During the following month, in January 1975, thousands of
reports of unusual animal behavior were received from the
general area. Local people saw hibernating snakes coming out
from their holes and into the snow. In the first three days in
February the activity intensified even more and unusual behavior
of the larger animals such as cows, horses, dogs and pigs was
reported. On February 4, 1975, an earthquake of magnitude 7.3
struck the Haicheng County, Liaoning Province.
More
instances of unusual animal behavior were reported.

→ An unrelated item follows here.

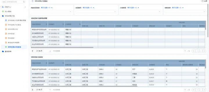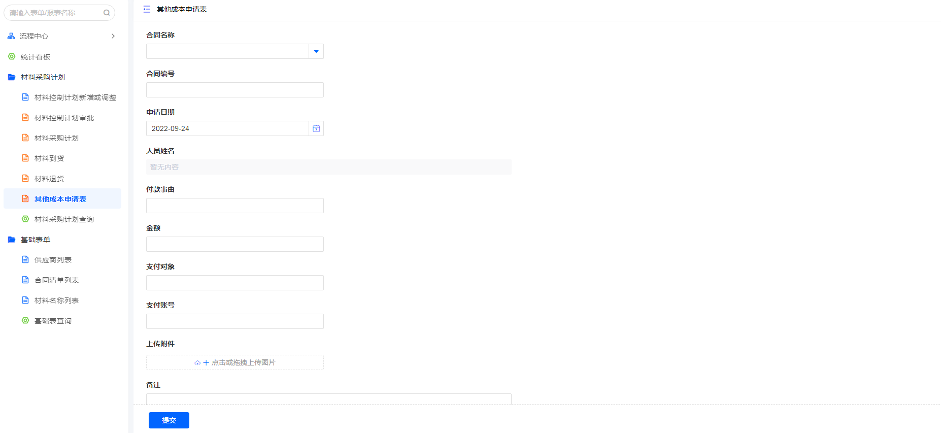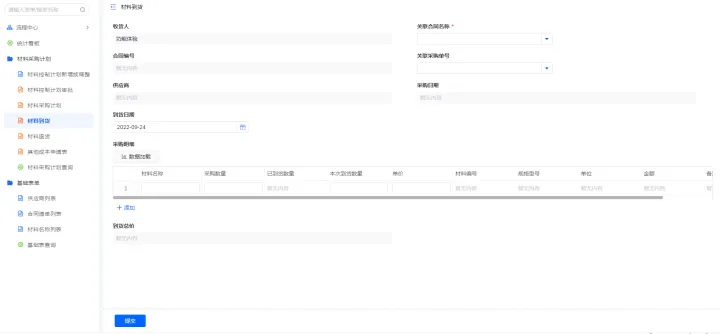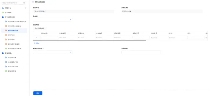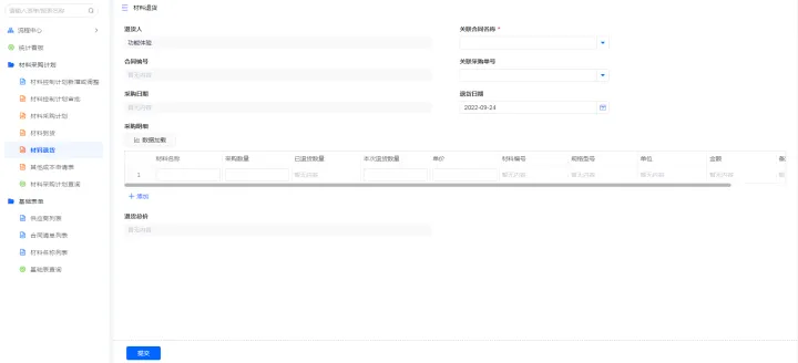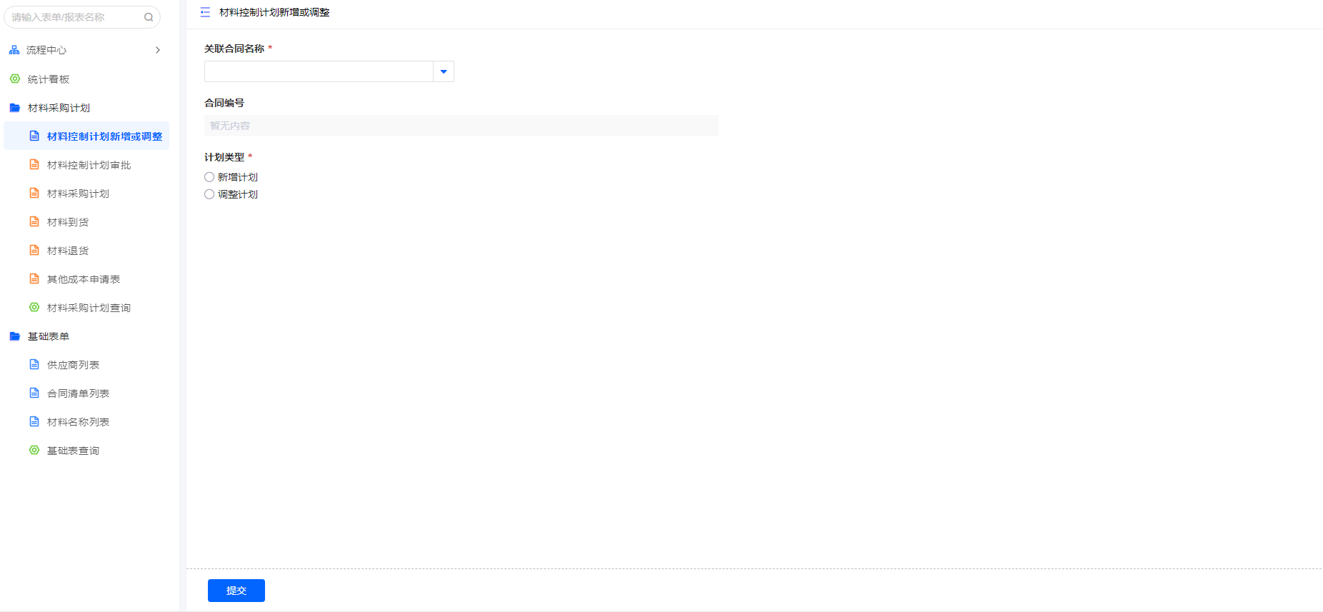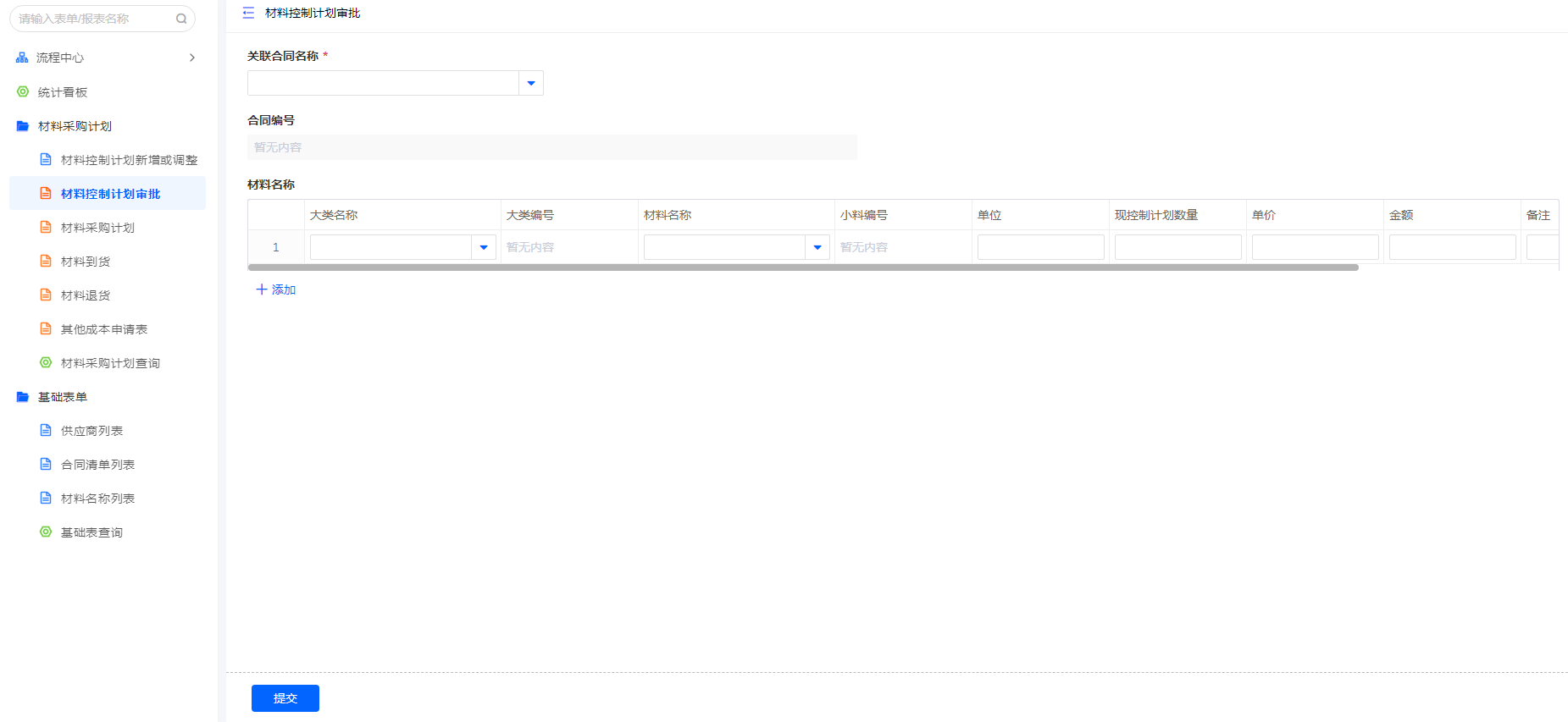 基础表单则主要是对供应商、合同清单、材料清单的基础信息管理。

A stock
breeder in northern
China
, feeding his animals before dawn on July 28, 1976, in the area
of the Kaokechuang People's Commune, approximately 40 kilometers
away from the city of
Tangshan
, reported that his horses and mules instead of eating were
jumping and kicking until they finally broke loose and ran
outside. A few seconds later, a dazzling white flash illuminated
the sky. Tremendous rumbling noises were heard as a 7.8
magnitude earthquake struck the
Tangshan
area.
Other
reports of unusual animal behavior prior to the occurrence of
earthquakes have been reported in the literature and in books.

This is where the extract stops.